Volver a casa trae un olor a malojillo, nardos y melancolía. Cada tarde cuando se introduce la llave en la cerradura y se comprueba que ese par de trozos metálicos calzan perfectamente, un placentero sentimiento de seguridad repercute en cada una de las fibras del cuerpo llenándolo de un sosiego que desmiente la posibilidad del acecho.
Se vacían los bolsillos, se deja en la mesa el reloj con toda su obsesión por estar siempre contando cada segundo que corre como si no bastaran el cansancio, las canas y las ajaduras de la piel para hacernos ver que el tiempo pasa. La punta de un pie hace palanca al borde del talón derecho para liberar al prisionero de ese lado (no hay zapato que sustituya la cómoda sensación del suelo frío en las plantas); luego la mano zurda, ya despojada del grillete puntual, irá al encuentro del pie izquierdo –que simultáneamente va subiendo como brote germinal ante el llamado de la luz- para dejarlo en igualdad de condiciones para la pisada.
Es ineludible la llamada del café vespertino: colado en manga, aliñado con guayabita, clavo y canela, servido en un cacharro de barro. Es imprescindible desempolvar los discos de vinilo y dejar que la aguja se deslice por sus surcos trayendo la voz inconfundible de Elvis Presley que nos acaricia como preámbulo de la intimidad. Voz de pájaro enjaulado en los armarios del tiempo que canta para aplacar los desconciertos.
Las canciones de Elvis anidan en nuestras nostalgias, les brindan calor arrebujándolas con su plumaje colorido y las alientan con su palpitar de metrónomo. Hacen que los recuerdos sean cuna de futuro, traen briznas de distintos rincones: un pábilo del volantín de la infancia se entreteje con hojas del mastranto que aromó el primer beso y se anuda con aquel dolor al que le faltó brillo de arcoíris para poder parir un sueño. Empollan frágiles cáscaras donde se incuban propósitos carenados, los alimentan, resguardan y, a su tiempo, impulsan al vuelo.
Son ritmos que viajan desde el norte como aves migratorias, no tanto para cambiar ellos de paisaje sino para cambiar el nuestro con su llegada o ausencia. Han escapado de las pedradas conque el resentimiento destroza las alas a la libertad. Han sabido sobrevivir al pesticida infame de la mezquindad humana, del comercio ilegal, la cacería, el saqueo de sus nidos, drenaje de las lagunas donde se reproducen, el humo intenso de incendios forestales, del cautiverio.
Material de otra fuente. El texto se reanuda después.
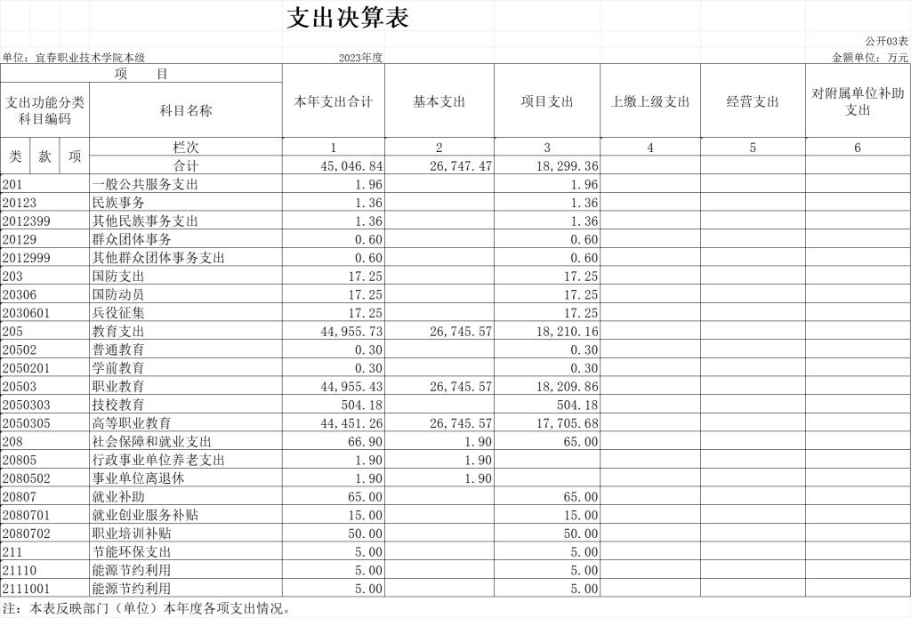 本单位2023年度支出总计45064.84万元,其中本年支出合计45064.84万元,比上年增加9989.75万元,增长28.48%,主要原因:为满足新校区教学需求进行了大量设备采购;结余分配 0万元,比上年增加(减少)0万元,增长(下降)0%;年末结转和结余311.10万元,比上年减少32.12万元,下降9.36%,主要原因:新校区搬迁工作结束,本单位支出恢复常态趋于平稳。
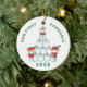 Este enfeite engraçado apresenta alguns elfos ocupados empilhando rolos de papel higiênico. Há um texto verde curvo em todos os bonés que diz "Nossa Primeira Pandemia." Abaixo dos elfos está o ano "2020 em verde sobre um fundo branco brilhante. O dorso tem outro elfo vestindo uma máscara, decorando uma árvore de Natal. As cores incluem verde, vermelho, marrom e rosa.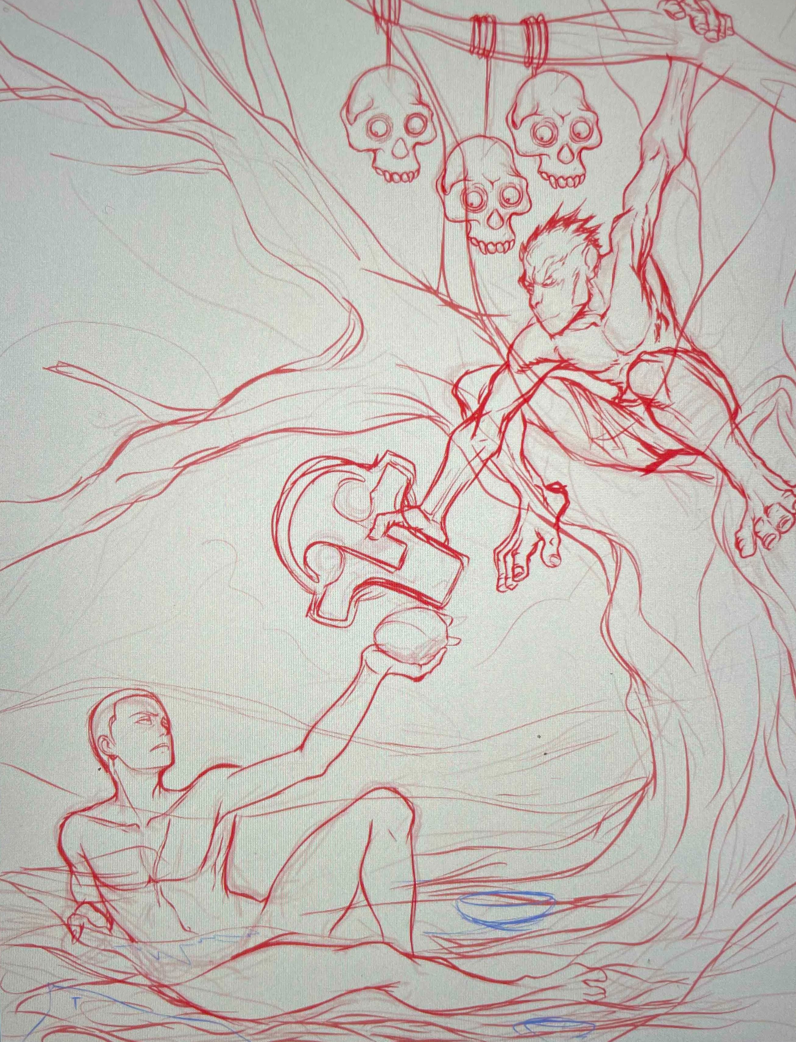 Once the discussions were finished we earnestly awaited for Phil to present us the rough sketch. In the past few week the most anticipated and nerve-wracking moment for us is this waiting period where are left to wonder what magic and madness follow.

Elvis se reinventa en el aire. Su canto conjura soledades con variadas tesituras; trae sonoridades ajenas; convocan musas y espantos; asombra al practicar canopyng lanzándose por cuerdas de guitarra que hace vibrar con el plectro certero que mueve y conmueve provocando fuegos.
¡Oh, melancolía! Aunque padezca condena perpetua de un infalible amor cruzado, no quiero, Elvis, que te vayas sin dejar tus discos, sin apagar las luces, el gas y el dolor. A mi vez cerraré la puerta, más te dejo la llave al alcance por un descuido de la razón.